Washington Lawmakers Pass $2.2 Billion COVID Relief Bill, Now Heads To Governor’s Desk
Washington Gov. Jay Inslee says he looks forward to signing a $2.2 billion COVID relief bill in the coming days. The measure cleared the Legislature Wednesday after a bipartisan 47-2 vote in the state Senate.
Once the governor signs it into law, the money will start to flow.
However, Republican state Senator Doug Ericksen said the Legislature should have acted sooner.
“This is a post-disaster operation now, and a disaster not caused by us with COVID, but a problem that was exasperated by the state government, when we allowed the governor to run it by himself for 11 months without the Legislature coming back into session to be able give a voice to the people who are not heard,” Ericksen said Wednesday.
During the legislative interim, Inslee oversaw the distribution of billions of dollars in federal CARES Act money. This next round of relief also comes from the federal government. It will pay for things like vaccine distribution, food and rental assistance and grants to small businesses.

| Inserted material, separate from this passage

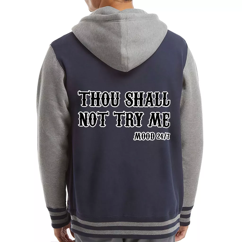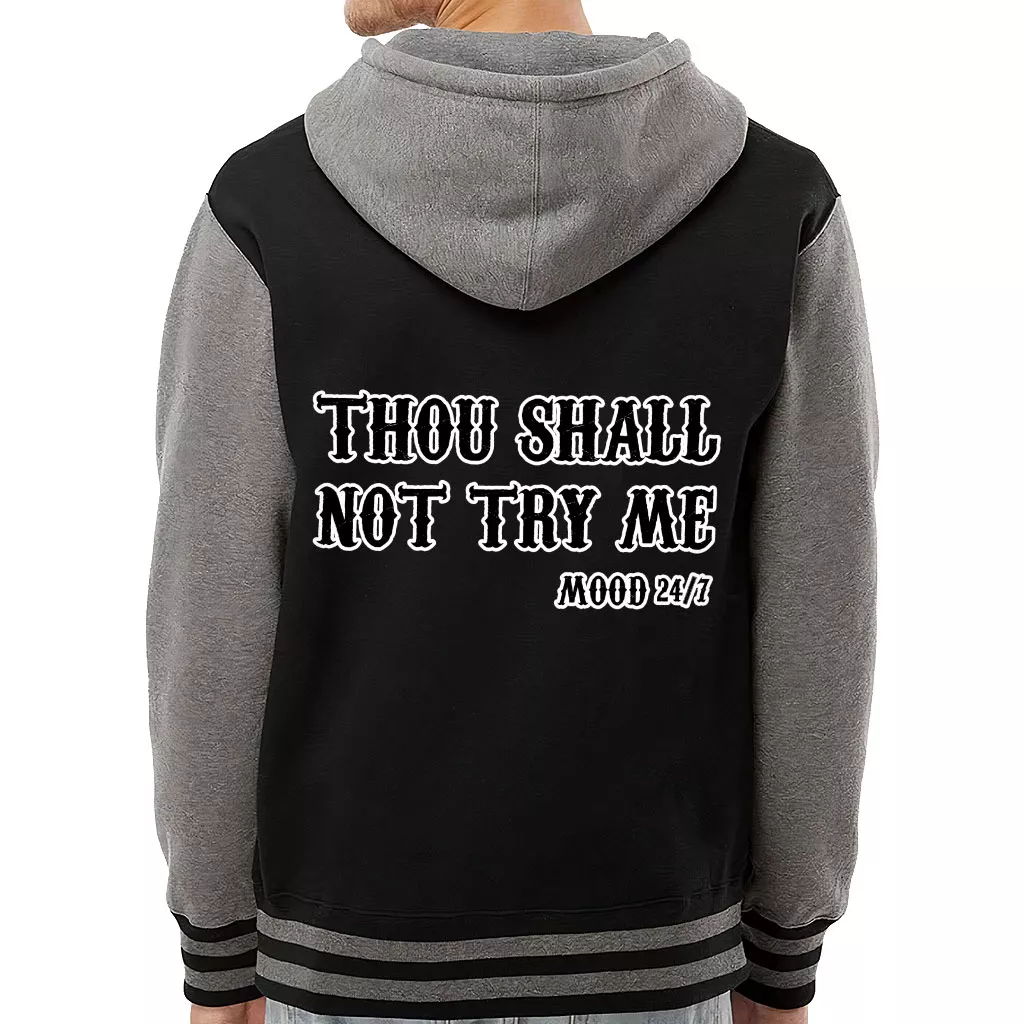 Thou Shall Not Varsity Hoodie – Cool Zip Hoodie – Printed Hooded Sweatshirt

Senate Majority Leader Andy Billig, a Democrat from Spokane, calls it an important next in the state’s response to the pandemic.

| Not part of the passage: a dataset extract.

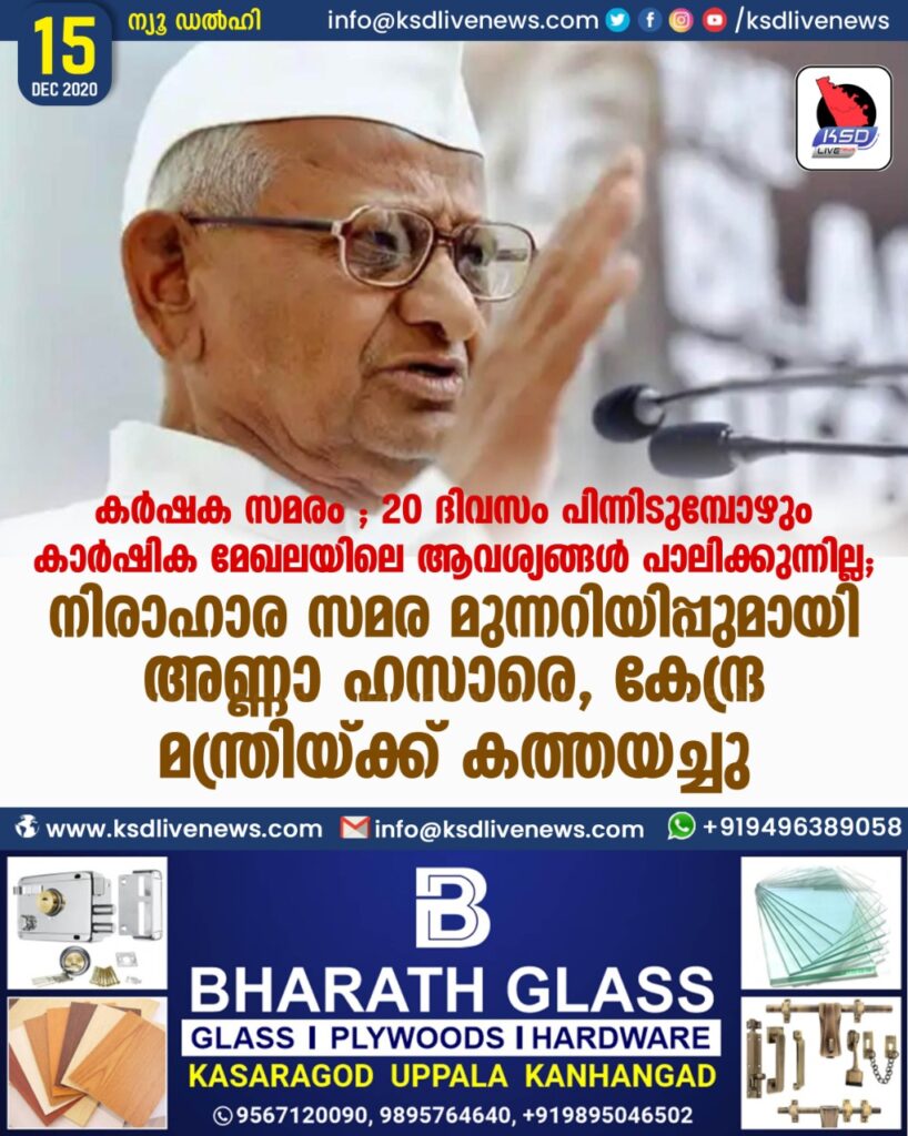 കർഷക സമരം ; 20 ദിവസം പിന്നിടുമ്പോഴും കാർഷിക മേഖലയിലെ ആവശ്യങ്ങൾ പാലിക്കുന്നില്ല ; നിരാഹാര സമര മുന്നറിയിപ്പുമായി അണ്ണാ ഹസാരെ , കേന്ദ്ര മന്ത്രിയ്ക്ക് കത്തയച്ചു

“The $240 million in small business grants that’s in this $2.2 billion support bill will help 12,000 small businesses in our state.” Billig said. “There’s $50M for child care grants which we also know are vital for small businesses and their employees.”
The bill also includes money for rental assistance, vaccine administration and to help public schools resume in-person learning. Majority Democrats rejected several Republican amendments, some of which were aimed at reopening schools more quickly.